[Data records — start]

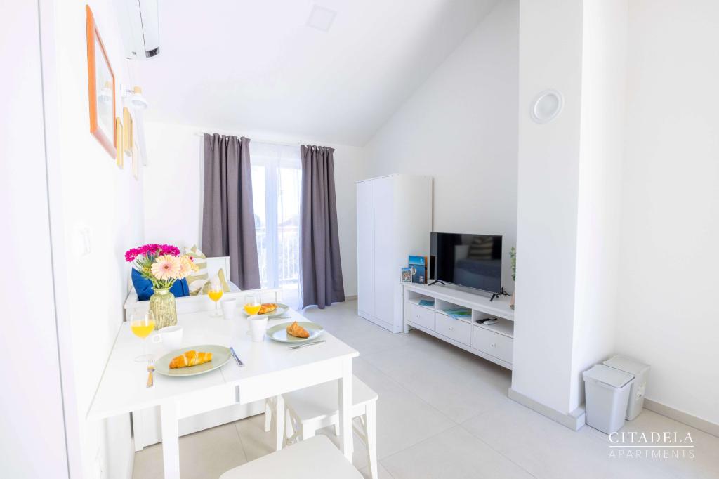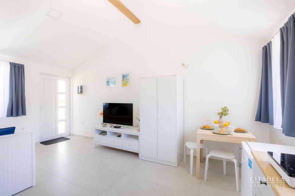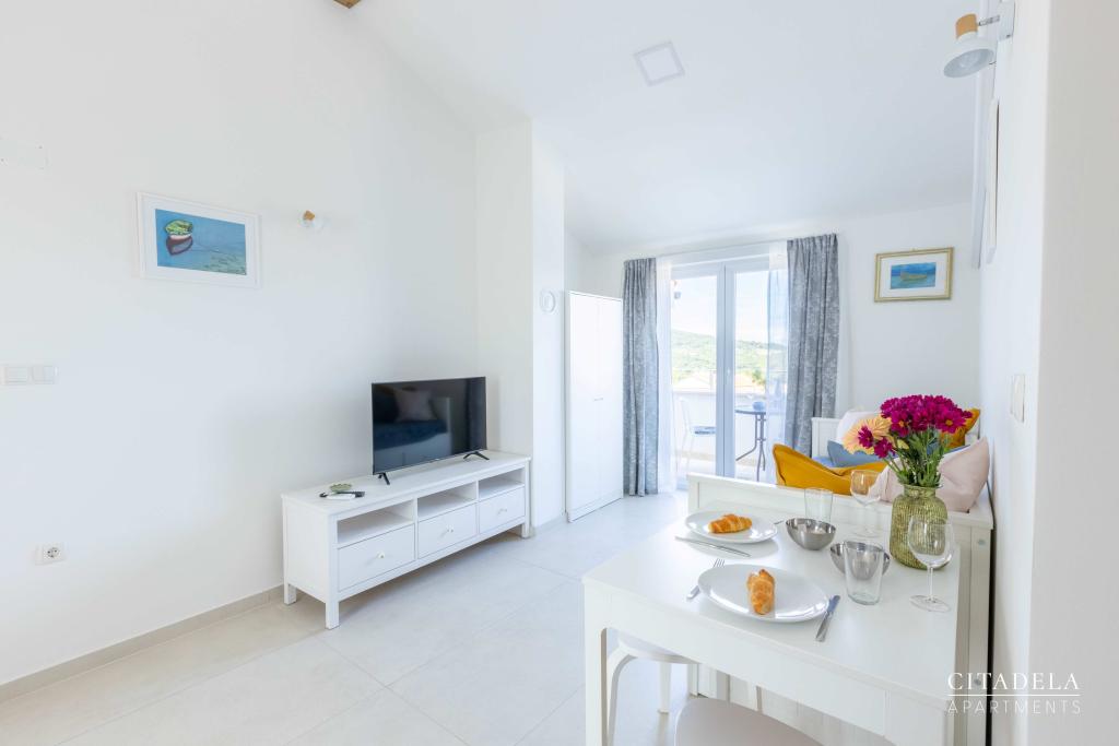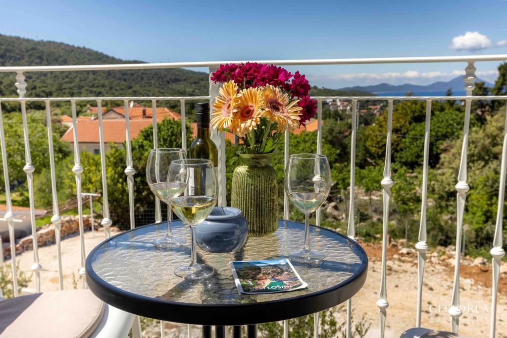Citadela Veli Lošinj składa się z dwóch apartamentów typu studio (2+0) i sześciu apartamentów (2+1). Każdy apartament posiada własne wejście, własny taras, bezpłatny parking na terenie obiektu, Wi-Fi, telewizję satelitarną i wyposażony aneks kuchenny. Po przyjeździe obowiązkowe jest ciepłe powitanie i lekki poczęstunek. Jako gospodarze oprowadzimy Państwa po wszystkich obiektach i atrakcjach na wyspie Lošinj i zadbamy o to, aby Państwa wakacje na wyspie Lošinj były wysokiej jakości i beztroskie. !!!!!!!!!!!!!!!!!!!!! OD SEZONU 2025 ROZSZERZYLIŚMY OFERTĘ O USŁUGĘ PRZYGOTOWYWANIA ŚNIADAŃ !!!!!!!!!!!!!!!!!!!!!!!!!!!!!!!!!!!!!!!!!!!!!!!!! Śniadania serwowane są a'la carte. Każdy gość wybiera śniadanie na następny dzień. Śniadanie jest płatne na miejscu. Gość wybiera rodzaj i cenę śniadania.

[Data records — finish]
[Data records — start]

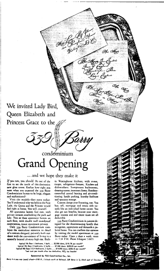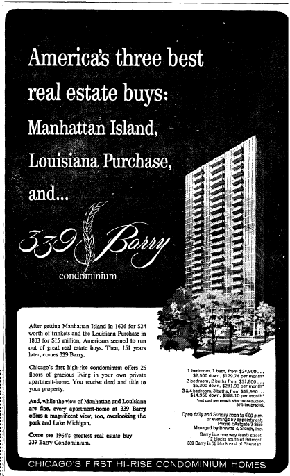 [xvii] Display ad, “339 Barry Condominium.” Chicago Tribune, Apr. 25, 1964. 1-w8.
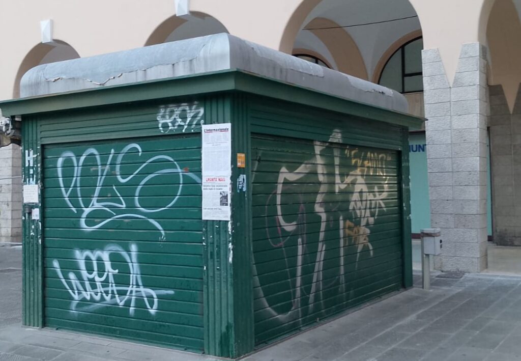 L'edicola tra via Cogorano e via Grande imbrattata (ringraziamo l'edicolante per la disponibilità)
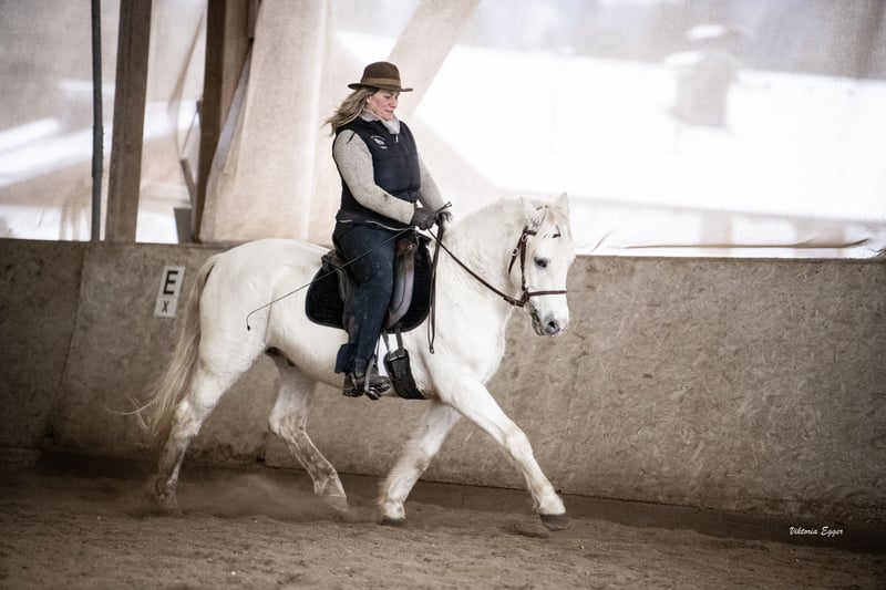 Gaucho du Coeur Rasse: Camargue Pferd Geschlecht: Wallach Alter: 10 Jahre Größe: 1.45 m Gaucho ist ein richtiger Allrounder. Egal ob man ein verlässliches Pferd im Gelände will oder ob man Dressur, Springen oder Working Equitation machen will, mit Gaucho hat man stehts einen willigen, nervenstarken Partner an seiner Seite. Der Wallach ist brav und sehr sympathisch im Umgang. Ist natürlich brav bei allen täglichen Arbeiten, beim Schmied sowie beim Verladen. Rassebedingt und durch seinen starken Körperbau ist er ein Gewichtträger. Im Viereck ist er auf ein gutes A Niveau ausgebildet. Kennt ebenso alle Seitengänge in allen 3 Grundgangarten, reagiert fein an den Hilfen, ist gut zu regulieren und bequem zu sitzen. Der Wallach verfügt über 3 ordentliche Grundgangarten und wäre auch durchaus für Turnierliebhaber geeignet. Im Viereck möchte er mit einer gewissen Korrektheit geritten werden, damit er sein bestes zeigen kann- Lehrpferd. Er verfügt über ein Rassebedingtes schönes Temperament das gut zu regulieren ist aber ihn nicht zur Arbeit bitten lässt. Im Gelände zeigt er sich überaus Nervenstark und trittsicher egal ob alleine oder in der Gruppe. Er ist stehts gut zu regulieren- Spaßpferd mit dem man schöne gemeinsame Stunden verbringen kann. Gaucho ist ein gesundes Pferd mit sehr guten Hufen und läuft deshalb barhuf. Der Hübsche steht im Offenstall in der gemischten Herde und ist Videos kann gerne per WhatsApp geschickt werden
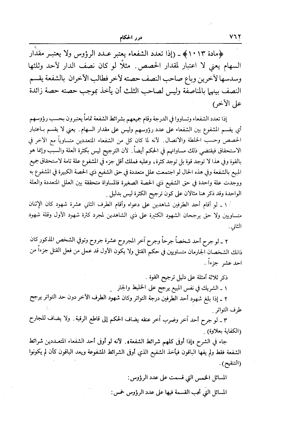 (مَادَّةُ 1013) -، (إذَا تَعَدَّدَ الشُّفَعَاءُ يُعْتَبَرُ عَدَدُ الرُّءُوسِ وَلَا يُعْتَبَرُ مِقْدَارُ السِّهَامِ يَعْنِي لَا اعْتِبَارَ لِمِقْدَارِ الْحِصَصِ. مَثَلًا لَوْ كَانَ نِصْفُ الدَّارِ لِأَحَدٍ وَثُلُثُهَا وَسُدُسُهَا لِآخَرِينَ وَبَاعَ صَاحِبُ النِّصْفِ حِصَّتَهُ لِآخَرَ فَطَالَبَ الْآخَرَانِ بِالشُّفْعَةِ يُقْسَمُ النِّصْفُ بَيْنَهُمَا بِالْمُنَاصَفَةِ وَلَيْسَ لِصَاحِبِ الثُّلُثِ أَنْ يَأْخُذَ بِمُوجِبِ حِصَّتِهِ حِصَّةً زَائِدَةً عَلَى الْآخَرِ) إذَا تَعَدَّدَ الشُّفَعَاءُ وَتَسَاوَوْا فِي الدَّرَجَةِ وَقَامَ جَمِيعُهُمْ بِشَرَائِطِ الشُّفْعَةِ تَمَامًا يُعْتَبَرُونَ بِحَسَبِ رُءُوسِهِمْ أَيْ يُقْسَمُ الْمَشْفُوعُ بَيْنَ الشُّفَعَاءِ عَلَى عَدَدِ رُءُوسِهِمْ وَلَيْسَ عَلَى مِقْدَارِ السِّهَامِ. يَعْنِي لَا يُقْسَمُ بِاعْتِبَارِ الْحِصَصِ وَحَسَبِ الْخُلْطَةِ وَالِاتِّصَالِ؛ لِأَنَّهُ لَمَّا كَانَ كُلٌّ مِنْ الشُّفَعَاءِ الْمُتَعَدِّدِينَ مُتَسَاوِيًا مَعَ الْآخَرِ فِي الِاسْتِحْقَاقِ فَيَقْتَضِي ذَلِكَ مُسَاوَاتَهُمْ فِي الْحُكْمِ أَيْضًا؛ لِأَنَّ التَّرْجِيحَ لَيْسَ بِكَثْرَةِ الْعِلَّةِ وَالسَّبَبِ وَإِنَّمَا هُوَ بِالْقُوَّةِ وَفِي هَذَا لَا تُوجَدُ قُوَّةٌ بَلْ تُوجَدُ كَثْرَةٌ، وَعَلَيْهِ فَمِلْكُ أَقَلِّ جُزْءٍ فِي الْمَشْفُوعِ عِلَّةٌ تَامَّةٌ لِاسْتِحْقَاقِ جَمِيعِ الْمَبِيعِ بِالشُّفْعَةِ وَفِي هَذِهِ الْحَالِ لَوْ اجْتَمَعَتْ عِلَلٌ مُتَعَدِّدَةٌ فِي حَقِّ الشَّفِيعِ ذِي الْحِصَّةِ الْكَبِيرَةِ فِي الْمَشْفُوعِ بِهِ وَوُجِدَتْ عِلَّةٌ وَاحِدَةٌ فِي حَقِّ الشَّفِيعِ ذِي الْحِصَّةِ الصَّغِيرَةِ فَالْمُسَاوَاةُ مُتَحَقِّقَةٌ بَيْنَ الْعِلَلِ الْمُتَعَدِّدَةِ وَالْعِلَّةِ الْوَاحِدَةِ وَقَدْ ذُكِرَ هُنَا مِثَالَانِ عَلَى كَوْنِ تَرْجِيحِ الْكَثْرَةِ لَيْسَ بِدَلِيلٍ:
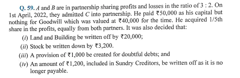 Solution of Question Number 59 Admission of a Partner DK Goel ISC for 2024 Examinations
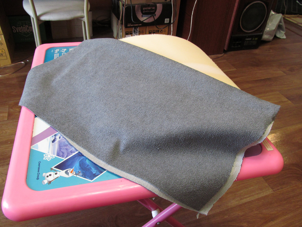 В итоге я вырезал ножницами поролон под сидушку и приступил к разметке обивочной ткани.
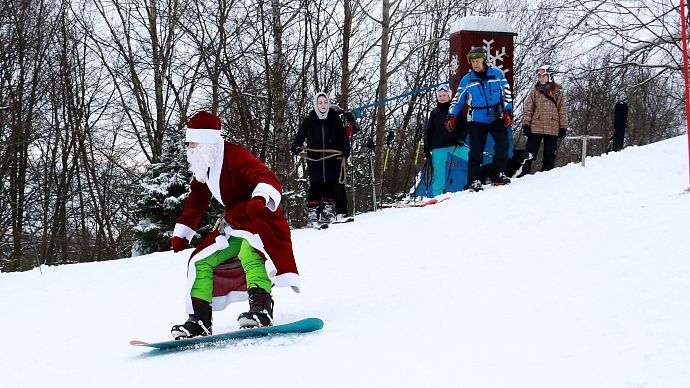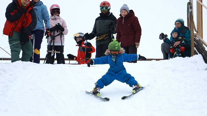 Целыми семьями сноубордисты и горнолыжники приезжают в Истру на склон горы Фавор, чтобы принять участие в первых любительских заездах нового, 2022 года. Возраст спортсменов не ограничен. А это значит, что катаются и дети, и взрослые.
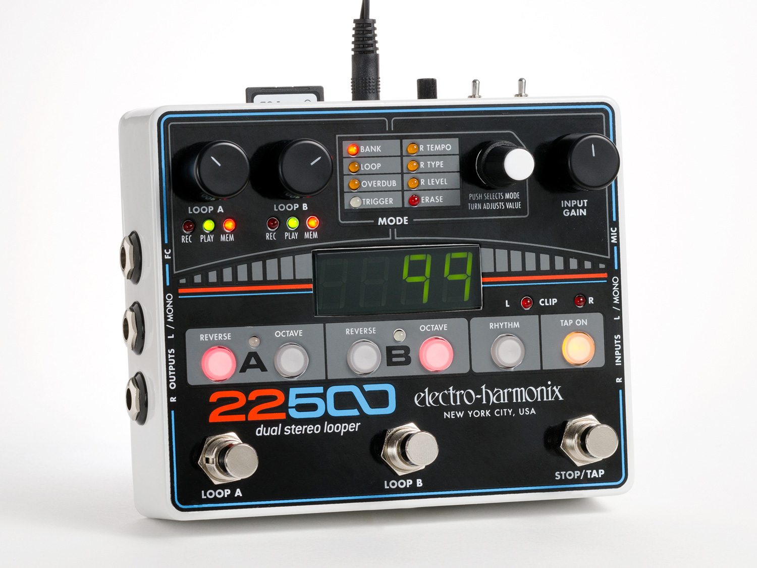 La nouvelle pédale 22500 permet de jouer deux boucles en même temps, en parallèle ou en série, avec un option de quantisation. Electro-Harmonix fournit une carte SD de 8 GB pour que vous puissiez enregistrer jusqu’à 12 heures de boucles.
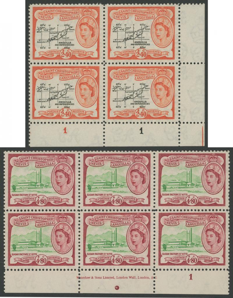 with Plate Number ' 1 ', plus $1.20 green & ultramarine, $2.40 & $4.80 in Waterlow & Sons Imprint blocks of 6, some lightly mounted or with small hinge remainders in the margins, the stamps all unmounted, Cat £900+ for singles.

[Data records — finish]
[Data records — start]

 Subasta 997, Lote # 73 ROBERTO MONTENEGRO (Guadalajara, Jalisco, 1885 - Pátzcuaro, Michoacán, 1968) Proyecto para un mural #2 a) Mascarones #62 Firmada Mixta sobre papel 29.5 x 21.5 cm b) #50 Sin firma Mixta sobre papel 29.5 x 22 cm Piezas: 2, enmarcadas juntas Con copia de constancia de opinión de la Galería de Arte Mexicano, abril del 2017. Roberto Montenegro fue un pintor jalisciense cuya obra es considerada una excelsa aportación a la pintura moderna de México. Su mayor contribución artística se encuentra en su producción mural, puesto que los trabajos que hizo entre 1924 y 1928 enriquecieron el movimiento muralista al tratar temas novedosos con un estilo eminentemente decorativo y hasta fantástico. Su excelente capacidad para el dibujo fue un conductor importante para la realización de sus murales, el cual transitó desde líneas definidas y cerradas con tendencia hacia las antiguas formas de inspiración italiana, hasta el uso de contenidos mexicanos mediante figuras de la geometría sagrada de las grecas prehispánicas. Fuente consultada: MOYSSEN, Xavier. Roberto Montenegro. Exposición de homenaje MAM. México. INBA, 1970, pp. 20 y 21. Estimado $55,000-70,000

[Data records — finish]

▸ **The problem**
Starting at the line above that contains "Solution of Question", transcribe every line exactly through the line that contains "with Plate Number", including that last one, and skip the pictures.

▸ **Response to the task**
 Solution of Question Number 59 Admission of a Partner DK Goel ISC for 2024 Examinations
 В итоге я вырезал ножницами поролон под сидушку и приступил к разметке обивочной ткани.
 Целыми семьями сноубордисты и горнолыжники приезжают в Истру на склон горы Фавор, чтобы принять участие в первых любительских заездах нового, 2022 года. Возраст спортсменов не ограничен. А это значит, что катаются и дети, и взрослые.
 La nouvelle pédale 22500 permet de jouer deux boucles en même temps, en parallèle ou en série, avec un option de quantisation. Electro-Harmonix fournit une carte SD de 8 GB pour que vous puissiez enregistrer jusqu’à 12 heures de boucles.
 with Plate Number ' 1 ', plus $1.20 green & ultramarine, $2.40 & $4.80 in Waterlow & Sons Imprint blocks of 6, some lightly mounted or with small hinge remainders in the margins, the stamps all unmounted, Cat £900+ for singles.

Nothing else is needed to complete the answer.